Urin tampak coklat kemerah-merahan atau seperti teh pekat, air cucian
daging atau berwarna seperti cola. Hematuria makroskopik biasanya timbul dalam
minggu pertama dan berlangsung beberapa hari, tetapi dapat pula berlangsung
sampai beberapa minggu. Hematuria mikroskopik dapat berlangsung lebih lama,
umumnya menghilang dalam waktu 6 bulan. Kadang-kadang masih dijumpai
hematuria mikroskopik dan proteinuria walaupun secara klinik GNAPS sudah
sembuh.

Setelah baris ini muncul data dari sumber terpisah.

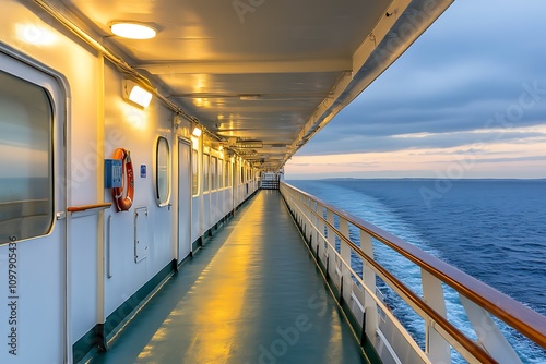 ocean, deck, cruise, ship, travel, water, horizon, sky, pathway, railing, light, sunset, wave, journey, leisure, marin, scenery, exploration, adventure, calmness, vacation, maritime, blue, cloud, nature, relaxation, coastline, landscape, view, distance, calm, environment, tour tourism, escape, cruise line, passage, life events, freedom, peace, seascape, atmosphere, weather, beauty, serenity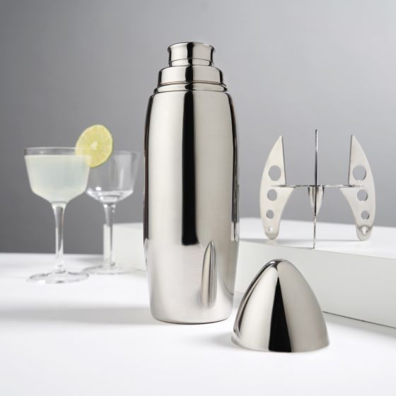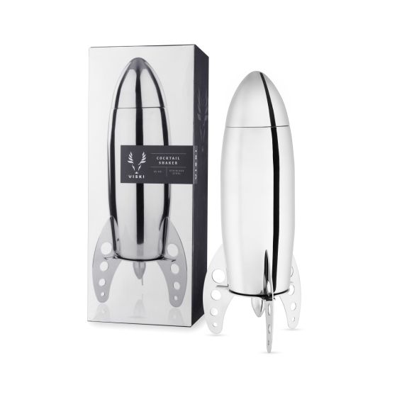 Sleek and space-worthy, our retro stainless steel rocket cocktail shaker holds 24 ounces incorporating a strainer, lid, capsule-esque cap, aerodynamic body and launch-ready shaker stand. Hand wash recommended.

Bahkan hematuria mikroskopik bisa menetap lebih dari satu tahun,
sedangkan proteinuria sudah menghilang. Keadaan terakhir ini merupakan
indikasi untuk dilakukan biopsi ginjal, mengingat kemungkinan adanya
glomerulonefritis kronik.
4. Hipertensi :
Hipertensi merupakan gejala yang terdapat pada 60-70% kasus GNAPS.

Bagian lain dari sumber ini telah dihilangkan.